(Data excerpt)
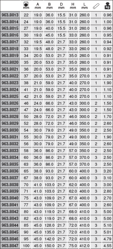 Innehåller 3x handtag uppdelat på storlekarna: 22-42 - 46-58 - 60-100 mm.
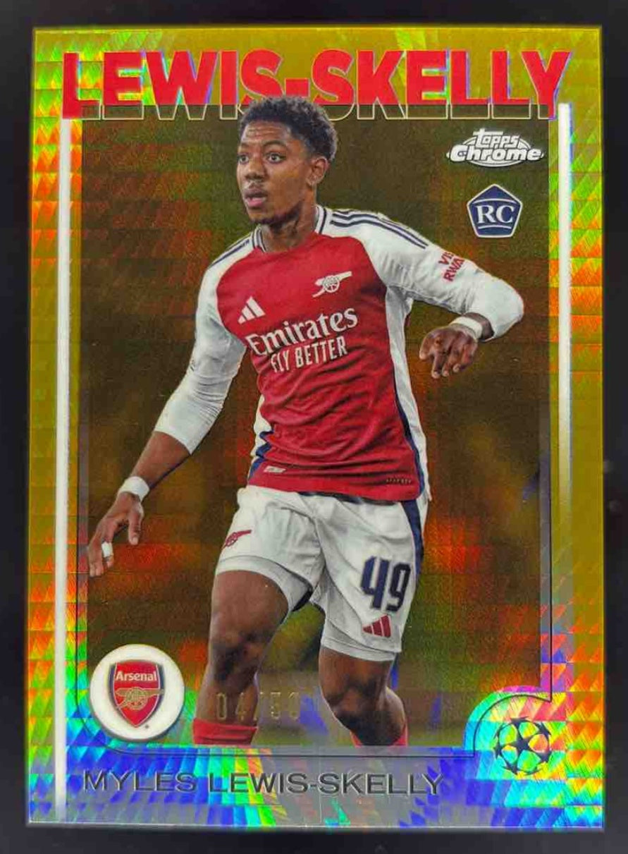 2024-25 Topps Chrome UEFA Gold Prism Refractor #154 Myles Lewis-Skelly RC /50
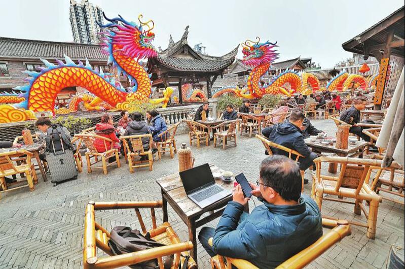 人民公园鹤鸣茶社,市民在龙凤呈祥灯组前拍照打卡。 本组图片均由四川日报全媒体记者 华小峰 摄
(End Data excerpt)
▶ Requirement
All of the data, minus its pictures, should be repeated exactly.

▶ Exercise output
 Innehåller 3x handtag uppdelat på storlekarna: 22-42 - 46-58 - 60-100 mm.
 2024-25 Topps Chrome UEFA Gold Prism Refractor #154 Myles Lewis-Skelly RC /50
 人民公园鹤鸣茶社,市民在龙凤呈祥灯组前拍照打卡。 本组图片均由四川日报全媒体记者 华小峰 摄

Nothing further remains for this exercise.